First of all, there is the space issue. Ryan and I reside in a home that has 950 square feet of livable space. Now, while that is big for an Ikea display, it is really pretty small for a home containing two adults, a baby, all of the baby's crap, a cat, a dog, and an insane kitten. In normal conditions it is pretty easy to feel like all of our belongings are slowly suffocating us. We are constantly in a state of "clearing out." Really, we have been mistaken for Buddhists. The only thing that gives us away is how I treat other people. So, you can only imagine how much more cramped it feels with a seven foot tall, fully decorated Christmas tree right in the middle of it. On the up side, the house is so small that the tree makes every room smell delicious. On the down side, it feels like we are always squeezing past the damn tree. It's like living in the "Santaland Diaries."
Second, there is the issue of needles. I am not a fake tree person. Ryan is not a fake tree person. Meg and Sally might prefer fake trees, but they don't get votes. So, the tree that we have in our house was at one point alive, and slowly dying, and drying out, as it fill us with the spirit of Christmas. That means every day it is dropping needles. Lots and lots of needles. And it is dropping them right on my clean floor. I think everyone has one chore that they are especially OCD about, and mine is keeping the floors clean. While the Christmas tree is up I practically live with the broom, and the vacuum is never allowed to go back in the basement, which just creates more clutter, and more stress.

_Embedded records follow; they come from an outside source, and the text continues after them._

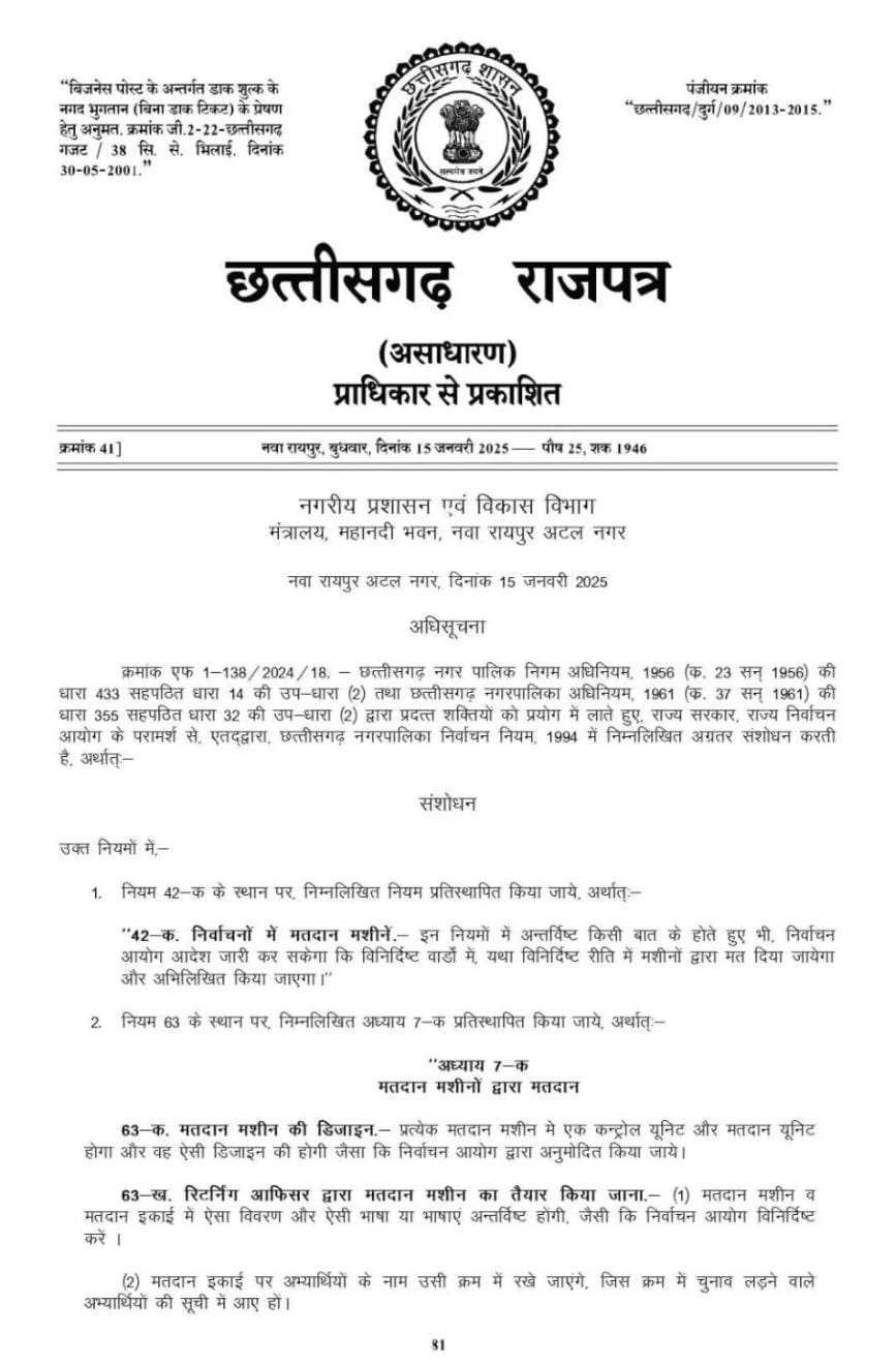 इसी बीच छत्तीसगढ़ सरकार ने नगरीय निकाय के चुनाव मतपत्र के बजाये इलेक्ट्रॉनिक वोटिंग मशीनब से कराये जाने संबंधी अधिसूचना भी जारी कर दी है।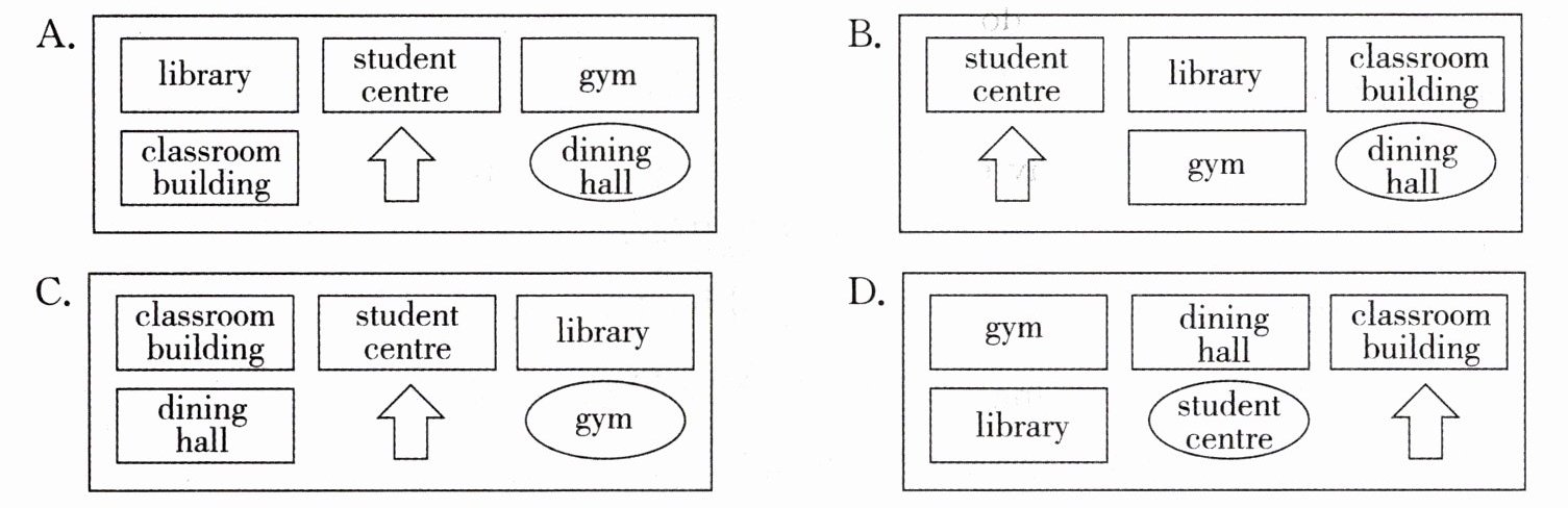 I’m Jim. This is my school. Welcome to my school. When you walk into the school yard, you will see the gym first. Many students like to play basketball in it. Look! That is the library. It’s between the student centre and our classroom building. It’s big and clean. There are different kinds of books in it. All the students in our school like reading in the library. That is our dining hall. It is my favourite place. I can have noodles, pizzas, beef and other food there.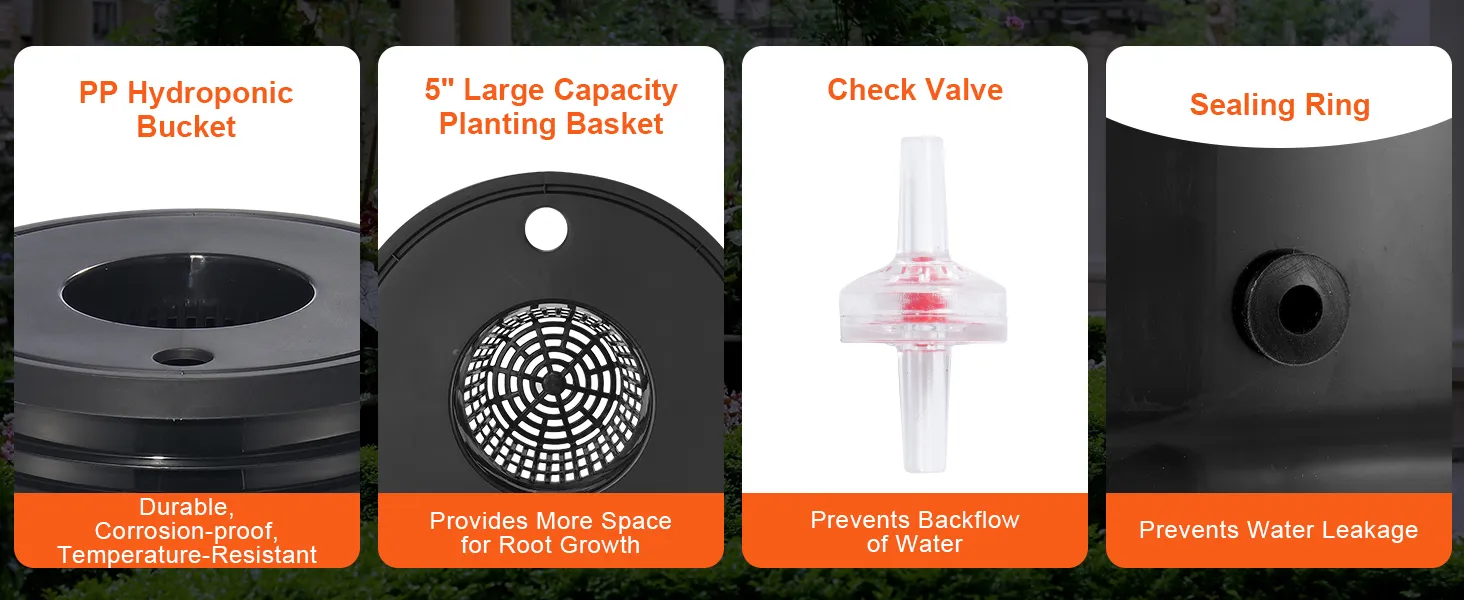 Gebruiksvriendelijk ontwerp: onze hydrocultuuremmer bevat afdichtringen om waterlekken te voorkomen. Voorgesneden waterpeilbuizen met uniforme lengte voorkomen lekken en een terugslagklep voorkomt terugstroming met hoogwaardige kleppen voor een betere afdichting.

Oh, and don't even get me started on actually getting the tree, putting it up, and taking it down. We'll just consider that collateral aggravation. And we won't even talk about the additional problems caused by having a cat that is possibly paranoid schizophrenic, since those are special circumstances I have subjected myself to, and that no sane person would mimic.
I almost wish we could go back to the days when Ryan and I stuck a ribbon on a lamp and called it our tree. Of course, that led to ridicule from an 8-year old (Hi, Josie, "Hey Dad, that's their tree" still rings in my ears) and I don't think I could bear that again.
Thank God we don't have to do this for Easter. Of course, with that holiday you just have to hope you find all the eggs. Because one left behind won't smell as pretty as a Christmas tree -- and will leave an even bigger mess.